In an era of sharp cost cutting, universities, especially in their Dawkinised conglomerate form, have their backs to the wall. In an age of superspecialisation, academics have their heads down and seem unwilling to engage in vigorous public debate. Many are desperately seeking outside funding and want to avoid giving offence to commercial interests. It does seem odd, now that public criticism of economic rationalism is surfacing and having a political impact, to reflect that in the 1980s Australian Economics faculties generally gave only one side of the rejection of Keynes and the adoption of Friedman and the Austrian school. There was nothing like a full blooded debate about the adoption of a new economic paradigm.
Thus - and I'm not sure whether this is cause or effect - at a time when we have more paid academics than ever before in our history, we witness the decline of the public intellectual. I have defined the public intellectual as someone who has worked his/her way through the university system, who publishes material inside or outside of the person's discipline, and who gets a run in the media when he/she does. I have not included people in politics or the creative arts in my list.
My list is:
Zelman Cowen, Mark Oliphant, Bemard Smith, Veronica Brady, John Passmore, Peter Singer, David Penington, Geoffrey Blainey, Henry Reynolds, Stuart Macintyre, Simon Leys, Inga Clendinnen, John Mulvaney, Marilyn Lake, Tim Flannery, Gus Nossal, Peter Doherty, Charles Birch, Paul Davies, Malcolm Mclntosh, Germaine Greer, Leonie Kramer , Robert Hughes, Davis McCaughey, Michael Kirby, Donald Home, Peter Karmel, Hugh Stretton, Eva Cox, Robert Manne, Gerard Henderson, Malcolm Mackerras, Pat O'Shane.
The list includes several columnists who naturally get a run, since they are paid to do it. I have had great difficulty in coming up with even 33 names.
Three on the list are expatriates: Germaine Greer, Peter Doherty, Robert Hughes. Thirteen are over 70, only four under 50. Only seven are women. Only five are currently working in our universities.
Some very eminent intellectuals, for example mathematician Bemhard Neumann, medical researcher Don Metcalf and medievalist Margaret Manion, are not on my list because they carefully avoid the limelight and public controversy.
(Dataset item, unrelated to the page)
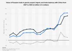 Merchandise trade value of Russia with China 2007-2024, by flow
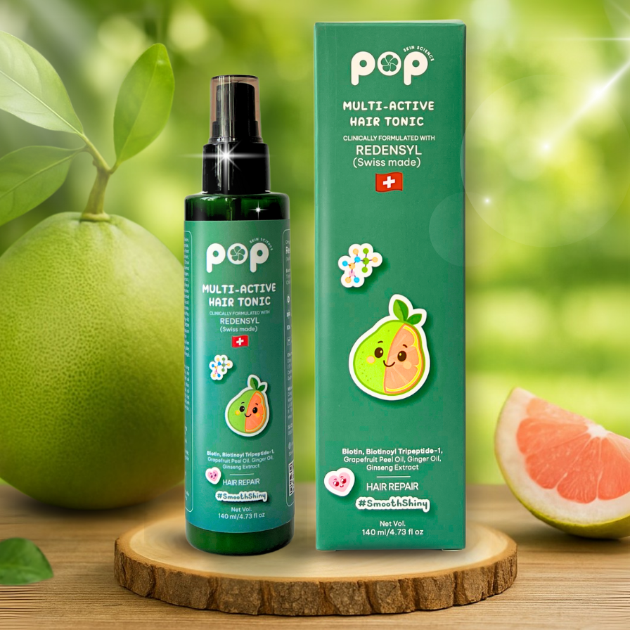 Hiểu được nỗi lo đó, nhà Pop đã cho ra đời Tinh chất dưỡng tóc đa tầng với công thức siêu dưỡng từ biotin, collagen, tinh dầu gừng, vỏ bưởi và các chiết xuất thiên nhiên. Bên cạnh đó điểm nổi bật của sản phẩm chính là thành phần Redensyl – hoạt chất đột phá từ Thụy Sĩ, nổi tiếng với khả năng kích thích mọc tóc từ tế bào gốc biểu bì, tăng cường mật độ tóc và kéo dài vòng đời sợi tóc. Redensyl tác động trực tiếp đến nang tóc đang suy yếu, giúp giảm rụng tóc hiệu quả và hỗ trợ mọc tóc mới rõ rệt sau 4–6 tuần sử dụng đều đặn.

The late Dale Trendall, the world's leading authority on Greek pottery, was in the same category. Others, including some members of this audience, impose a self-denying ordinance on speaking outside their own discipline.
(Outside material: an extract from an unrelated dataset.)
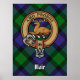Clan Blair crest badge surrounded by a strap and buckle over tartan background. Custom text.
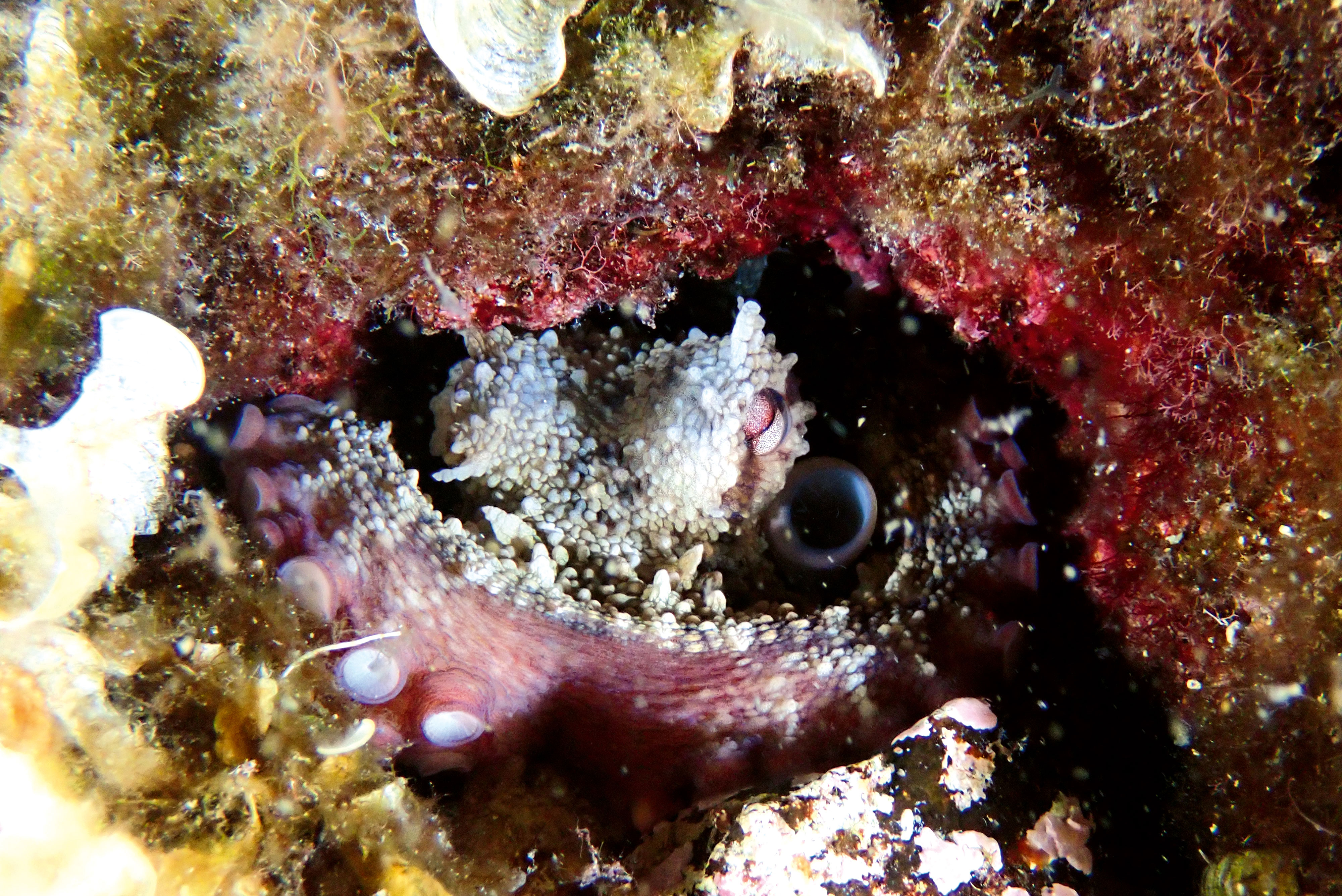 Το χταπόδι (επιστημονική ονομασία: Octopus vulgaris) είναι ένας ευκαιριακός, βενθικός θηρευτής που ανήκει στην τάξη των κεφαλόποδων και συναντάται σε ποικίλους οικοτόπους όπως κοραλλιογενείς υφάλους, κοραλλιογενή χαλίκια, θαλάσσια βλάστηση, βραχώδεις υφάλους και, περιστασιακά, σε αμμώδεις και λασπώδεις πυθμένες. Το κεφαλόποδο αυτό συνήθως συνδέεται με κάποιο είδος δομής για την κατοικία του, όπως βράχοι, χαλίκια, κοχύλια, σφουγγάρια, κοράλλια, θαλάσσια βλάστηση ή τεχνητές κατασκευές.

Items for the national agenda: we need to fix up some major issues.
1. Our Constitutional arrangements - coming out of the closet so that the written Constitution actually reflects the system as it operates in practice. We are a de facto Republic already, and have been for many years.
2. Restoring credibility to our political institutions.
3. Getting Aboriginal reconciliation, racial tolerance and multi-culturalism right.
4. Adopting a National Population Policy, with a rational debate about Australia's carrying capacity and the implications for resource use.
5. Adopting a National Information Policy, to clarify the boundary between commercial values and privacy, to guarantee access and equity, and define information as a public good.
6. Recognising that "the economy is a wholly owned subsidiary of the environment" (as Tim Wirth, former US Senator from Colorado, now running Ted Turner's $US 1 billion fund for the environment, argues), and not just what is left over after the economy has had its whack. The environment is the totality of all there is in our world - soil, air, water, biota and minerals.
7. Redefining the role of national governments in an era of globalisation.
8. Asserting that not all values have a dollar equivalent.
9. Redressing the widening gap between rich and poor.
10. Ensuring that Governments no longer treat CSIRO and the universities as trading corporations, with research categorised as an expense (to be cut where possible to assist the 'bottom line').
11. Using Government to change the culture. It is a tough call. It won't be easy - but it must be done and it will require leadership of the highest order. I hope we are up to it.